Workshop Wednesdays – Is My Saw Worth Saving

Monday 9 July 2018

You've eyed Grandpa's old Spear & Jackson handsaw for years before discovering a passion for woodworking and now it's time to knock the rust off the plate, repair the horns and send it off to a saw doctor to straighten out the toothline and put a fresh edge on the teeth. But apart from sentimental value, how do you know if it's even worth saving? Taking it a step further, you also purchased a century-old Groves & Sons brass-backed backsaw from eBay recently, but there's scattered pitting on the plate and the seller didn't tell you about how the toothline presents a serpentine S-roll, which will never allow the saw to cut right. Are these saws worth saving? Probably, but perhaps not. Let's find out.


There are steps you can take now to determine if they're worth putting money into. Let's start with handsaws first. We're going to 'flex-test' the plate – something I do before purchasing any handsaw – to see whether enough life exists in a tool that was exquisitely taper-ground and hammer-smithed taut by master craftsmen from the 19th and early 20th century.

Step 1

Sight down the toothline. Chances are, you'll find a bow or two. While this can probably be hammer-smithed straight, you'll still need to know whether enough tension remains in the old plate before paying good money to have a saw doctor tune it up.

Step 2

Circle the plate into an 'O', then let go of the toe end of the sawplate so it can 'spring' back into true. Remember that sawplate alloy is spring steel – a high-carbon alloy used in car suspensions, springs and in our case, sawplates. The plate won't break; the nature of spring steel should allow the plate to spring back into true.

Step 3

Sight down the toothline again. If the toothline remains flexed by more than 10° in the direction you flexed it, then you might well have a problem that's beyond repair. Let's confirm our suspicion.

Step 4

Now circle the plate in the opposite direction and again, let the plate spring back into true. Sight down the toothline. If the plate has flexed back into a relatively straight toothline, give or take a few degrees, then it's worth saving. On the other hand, if it is now flexed 10° or more in the new direction you've flexed it, then your saw should be retired.

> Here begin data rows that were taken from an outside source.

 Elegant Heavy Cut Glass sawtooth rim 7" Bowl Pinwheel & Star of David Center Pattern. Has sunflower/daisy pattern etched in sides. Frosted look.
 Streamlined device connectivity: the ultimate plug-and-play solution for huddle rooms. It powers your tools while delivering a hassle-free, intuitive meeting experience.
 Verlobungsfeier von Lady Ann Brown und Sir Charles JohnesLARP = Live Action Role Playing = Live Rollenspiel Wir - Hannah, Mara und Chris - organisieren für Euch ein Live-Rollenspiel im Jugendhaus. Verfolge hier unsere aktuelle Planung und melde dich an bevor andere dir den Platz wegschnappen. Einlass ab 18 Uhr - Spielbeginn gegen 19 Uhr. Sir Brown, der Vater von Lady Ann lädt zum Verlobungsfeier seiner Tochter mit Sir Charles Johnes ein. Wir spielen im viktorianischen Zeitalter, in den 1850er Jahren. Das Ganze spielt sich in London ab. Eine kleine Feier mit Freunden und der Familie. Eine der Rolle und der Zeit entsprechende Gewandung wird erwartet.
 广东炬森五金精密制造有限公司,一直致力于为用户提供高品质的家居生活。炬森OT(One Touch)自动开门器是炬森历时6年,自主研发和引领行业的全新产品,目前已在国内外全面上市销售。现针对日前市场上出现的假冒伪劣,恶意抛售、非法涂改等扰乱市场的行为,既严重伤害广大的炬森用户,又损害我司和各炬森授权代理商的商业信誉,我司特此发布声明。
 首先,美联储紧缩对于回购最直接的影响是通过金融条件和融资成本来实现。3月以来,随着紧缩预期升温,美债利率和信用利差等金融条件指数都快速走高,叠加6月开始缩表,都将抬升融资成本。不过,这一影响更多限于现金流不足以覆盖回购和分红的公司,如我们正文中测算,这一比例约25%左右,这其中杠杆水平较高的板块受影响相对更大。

Moving on to backsaws: all vintage backsaws manufactured before the 1980s and some backsaws fabricated today – such as Bad Axe and Gramercy – utilise a traditional folded sawback serving to stiffen the plate. Whether brass or carbon steel, these sawbacks are sprung onto the spine of spring steel significantly thinner – at .018-025 – than that which you encounter with most hand and panel saws – .032-042. The sawback is what stiffens a backsaw's plate to make precise, thin-kerfed, furniture-grade cuts. Here's how to assess and even re-tension the toothline:

Step 1

Sight down the toothline: chances are, you'll see what appears to be a bow or kink. What you're seeing is not actually a kink, but an S-curve or a slight twist where the plate slipped out of tension from where the sawback clamps the spine – likely caused by torquing the plate with a difficult cut or from having been dropped.

Step 2

Hold the saw down upright on a jointed flat surface and bear down on it with the heel of your hand – about 10psi – just in front of the handle.

Step 3

Pinch the underside of the sawback ahead of the handle with your thumb and forefinger, while resting the heel of your hand along the top of the sawback. Exert slight downward pressure where the heel of your hand is bearing down on the sawback.

Step 4

Using a dead-blow mallet, gently tap the sawback where it is revealed above the mortise receiving it in the handle. You should feel the sawback shift on the plate ever so slightly where it binds to the sawplate.

Step 5

Now reverse your saw and this time gently tap the toe end. Don't overdo it – just a gentle tap. Again, you should feel the back shift on the spine of the plate.

Step 6

Hold the toothline up to good light and sight down the teeth – the S-curve should have straightened out now and is a good candidate for rehabilitation. What you have done is promoted a see-saw effect with the sawback along the spine of the plate. This shift in clamping tension at both ends of the plate has equalised the back's clamping tension along the spine, thus truing up the toothline.


In conclusion, flexing a handsaw plate to assess how much tension remains in the spring steel is the key criterion as to whether or not it can or should be saved. As for backsaws, a few simple taps fore and aft will tell you within seconds whether that plate is any good. At the end of the day, horns can be repaired by grafting new wood onto them; plates can be scrubbed rust-free. The most important thing is knowing how to assess the metal sawplate itself before you find yourself throwing good money after bad.